American statistician

Sallie Ann Keller (born 1956, also published as Sallie Keller–McNulty) is a statistician and a former president of the American Statistical Association (2006).

She is currently a Distinguished Professor in Biocomplexity and director of the Social and Decision Analytics Division within the Biocomplexity Institute at the University of Virginia. She also joined the United States Census Bureau in October 2022 as Chief Scientist and Associate Director for Research and Methodology, replacing John M. Abowd.

==Education and career==
Keller received a B.S. and M.S. in mathematics from the University of South Florida, and her Ph.D. in statistics from the Iowa State University in 1983.

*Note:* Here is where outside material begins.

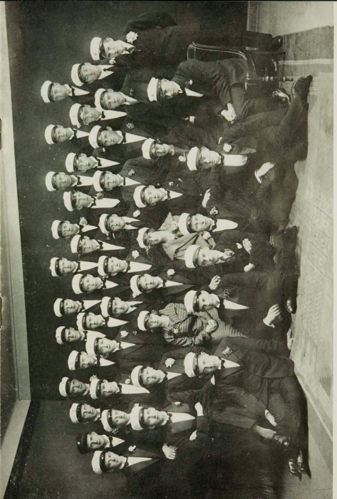
Höfum við nokkuð breytt, börnin góð? — Skoðið myndina vandlega!
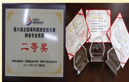
部分学生获奖证书

She held administrative and academic positions at various universities, including Virginia Tech, University of Waterloo, Rice University, and Kansas State University. Outside of academia, Keller has also held positions with several federal government institutions, including the Science and Technology Policy Institute, the National Science Foundation, and the Los Alamos National Laboratory.

==Affiliations==
Keller is a fellow of the ASA (1997) and the American Association for the Advancement of Science, as well as an elected member of the International Statistical Institute. She was elected a member of the National Academy of Engineering in 2020 for development and application of engineering and statistical techniques in support of national security and industry.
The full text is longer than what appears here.